Il re vedeva la principessa rapita dal Marchese di Carabas, ed era molto felice. Erano mesi che invitava la figlia a cercare un marito, ma lei sembrava non essere interessata ad alcuno dei pretendenti. Con il Marchese, invece… forse era proprio lui il pretendente giusto! Intanto, il gatto giunse alla fine della strada, al castello di un orco, e chiese di essere ricevuto.
Quando fu nella sala del trono, disse: «Ho saputo che siete in grado di trasformarvi in qualsiasi genere di creatura! Ho sentito che potete persino trasformarvi in un leone!»
«Certo che posso farlo!» rispose l’orco, «E adesso te lo mostrerò!»
Così dicendo, l’orco si trasformò in un leone, e ruggì tanto forte che il Gatto con gli Stivali si spaventò e si arrampicò sulle travi, e non senza fatica visto che indossava gli stivali!

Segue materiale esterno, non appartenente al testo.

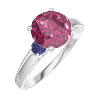 « L'ATELIER » Nº167863Ring Witgoud 18 karaat - Robijn rond 1 Karaat - Aanleunende edelstenen Blauwe saffier 4.9
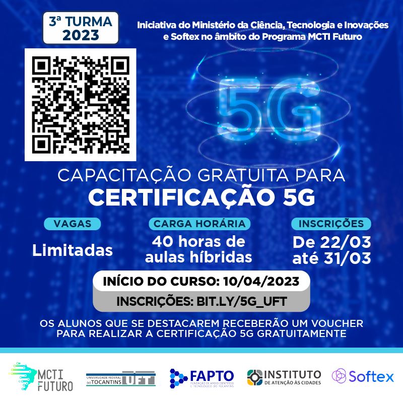 A Universidade Federal do Tocantins (UFT), por meio de seu Instituto de Atenção às Cidades (IAC) e em parceria com a Fapto e Softex, oferece curso de capacitação em 5G - uma Iniciativa do Ministério da Ciência, Tecnologia e Inovações e Softex no âmbito do Programa MCTI Futuro.

«Impressionante!» commentò il Gatto con gli Stivali cercando di non pensare alla paura che aveva del leone, «Ma scommetto che non riuscireste a trasformarvi in un animale piccolo e innocuo. Un bruto come voi non potrebbe mai diventare… che ne so… un TOPO!»
L’orco rise di gusto, e poi urlò: «Questo lo vedremo!»
In un istante, l’orco si trasformò in un topolino, come quelli che il Gatto con gli Stivali aveva inseguito per tanti anni al mulino.
Fu proprio grazie alla lunga esperienza al mulino che il Gatto con gli Stivali riuscì a balzare in avanti e a mangiare l’orco in un sol boccone!
Il Gatto con gli Stivali andò poi da tutti i domestici e dalle guardie del castello, rassicurandoli sul fatto che il terribile orco era finalmente stato sconfitto, e che avrebbero avuto un padrone buono e gentile, se solo avessero detto al re di essere al servizio del Marchese di Carabas. Lieti di essere finalmente liberi dalle grinfie dell’orco e speranzosi che il Gatto dicesse il vero sulla bontà del loro nuovo padrone, i domestici e le guardie accolsero la carrozza del re dicendo che il castello era di proprietà del Marchese di Carabas.
Il Gatto con gli Stivali ordinò che fosse preparato un gran banchetto, durante il quale il Marchese di Carabas chiese alla principessa di sposarlo e, una volta che lei ebbe acconsentito, chiese la sua mano al re. Il re acconsentì al matrimonio con grande gioia, affascinato dai modi e dai possedimenti del Marchese di Carabas. Il ragazzo, ormai divenuto ufficialmente il Marchese di Carabas, sposò la figlia del re, erede al trono, e divenne così il Principe Consorte del regno. Il Gatto con gli Stivali visse per sempre felice e contento, e da quel giorno non fu più costretto ad inseguire i topi… tranne che per divertimento.